> Required action: Take the line that contains "ちっちゃい植木鉢入れる棚、母の夏休みの工作(未塗装)。" and every line below it to the end of the entries, and give them again exactly, leaving out any pictures.
[Opening Raw data section]
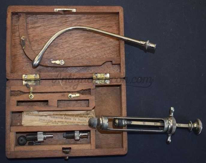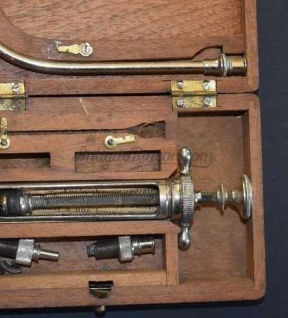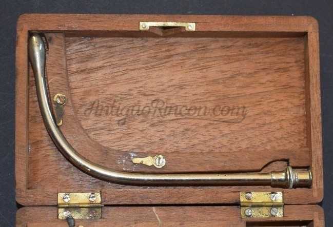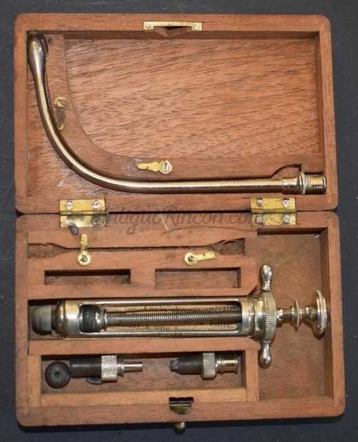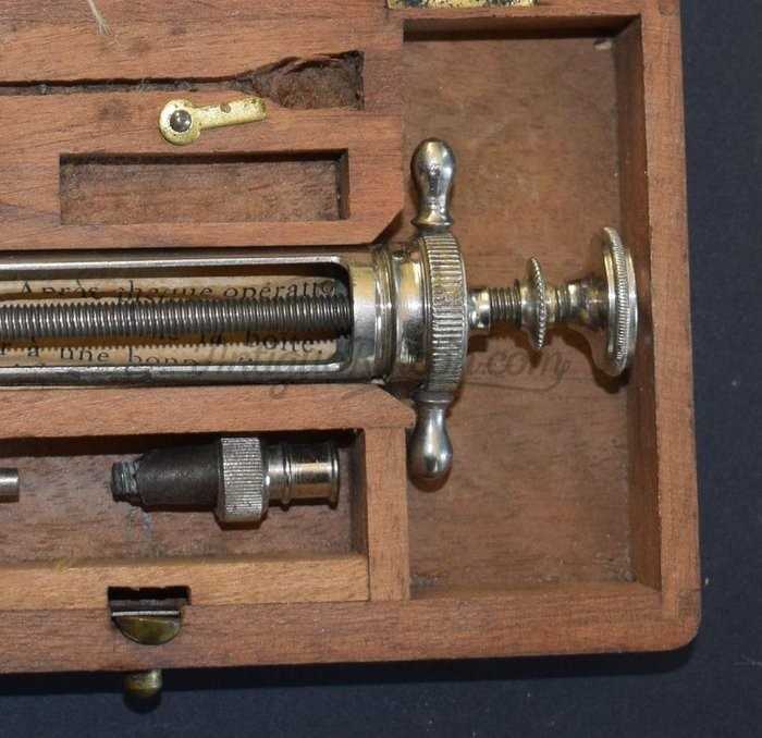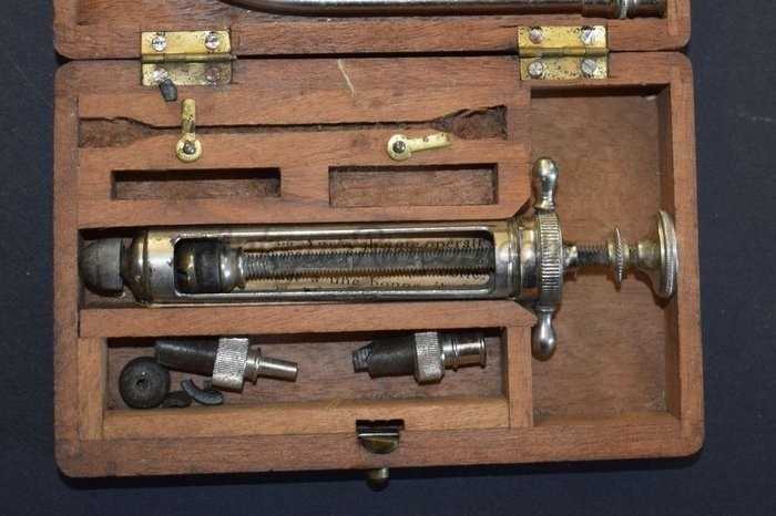 Estuche portátil de madera - 1 jeringa médica de metal - sin vidrio - con accesorios y manual de instrucciones de época.
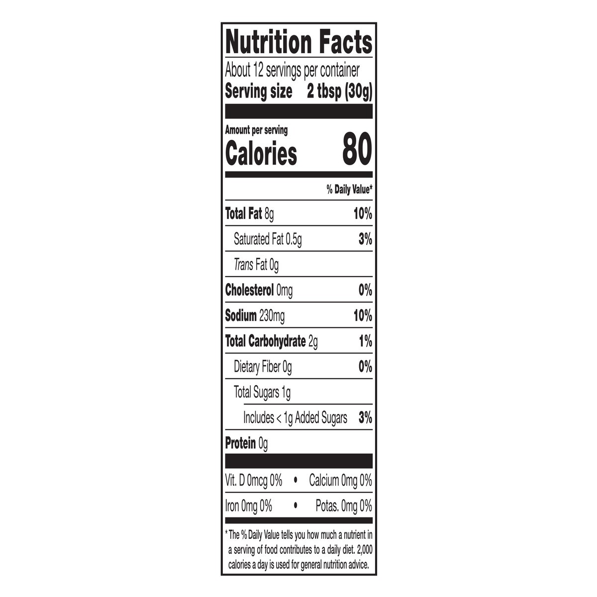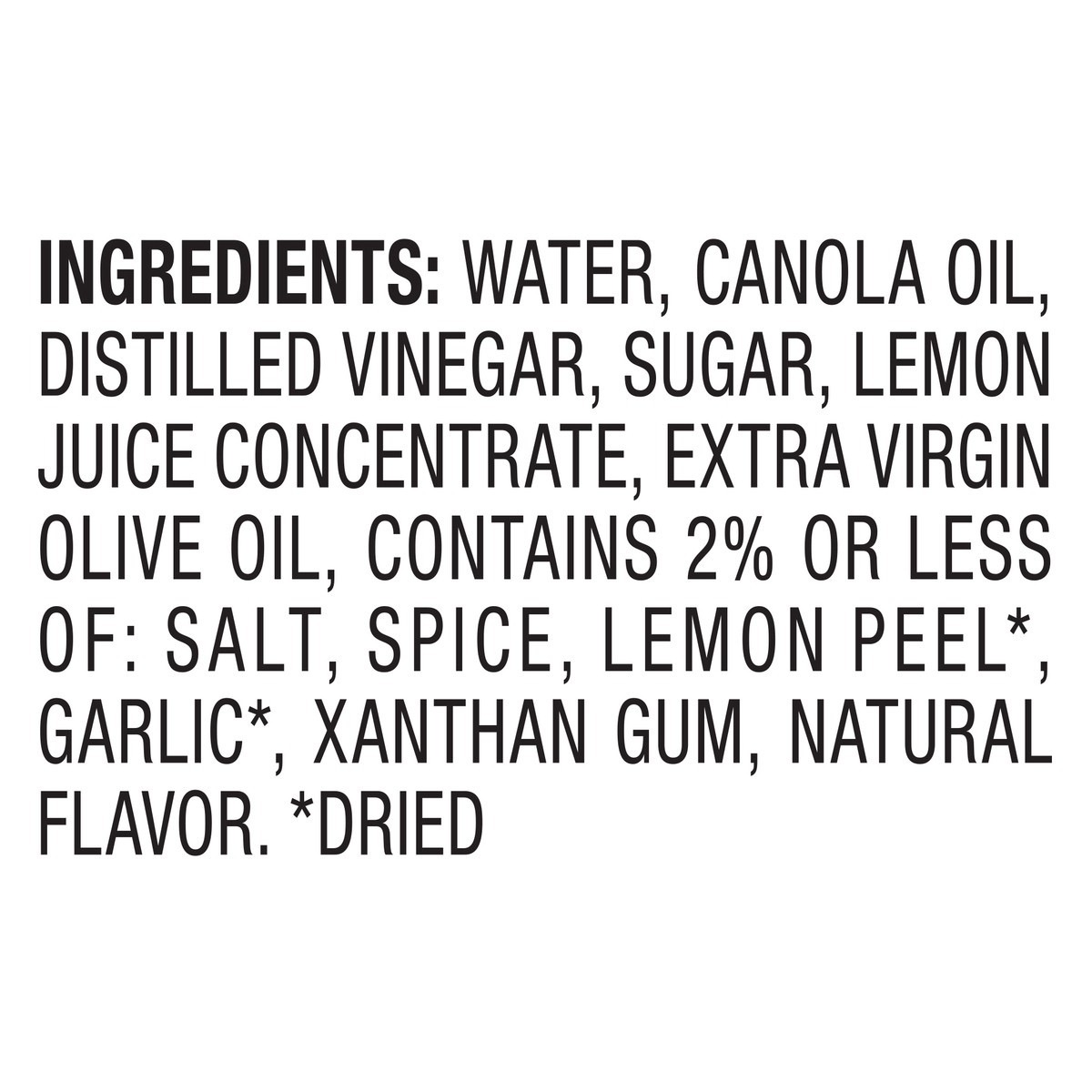 Water, Canola Oil, Distilled Vinegar, Sugar, Lemon Juice Concentrate, Extra Virgin Olive Oil, Contains 2% or Less of: Salt, Spice, Lemon Peel*, Garlic*, Xanthan Gum, Natural Flavor. *Dried.
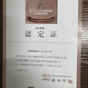 あいおいニッセイ同和損保様より認定証いただきました |
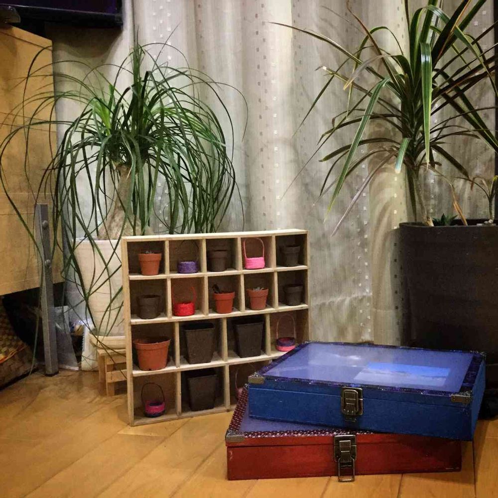ちっちゃい植木鉢入れる棚、母の夏休みの工作(未塗装)。
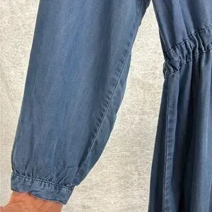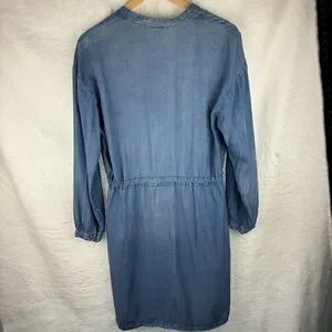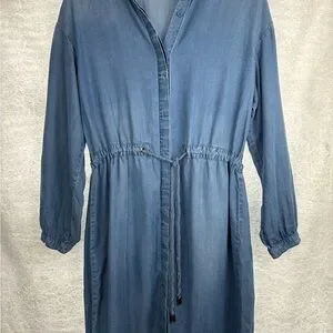 a.n.d easy Chambray Shirt Dress Light Blue Drawstring Waist Size L
[Closing Raw data section]
> Solution to the exercise:
ちっちゃい植木鉢入れる棚、母の夏休みの工作(未塗装)。
 a.n.d easy Chambray Shirt Dress Light Blue Drawstring Waist Size L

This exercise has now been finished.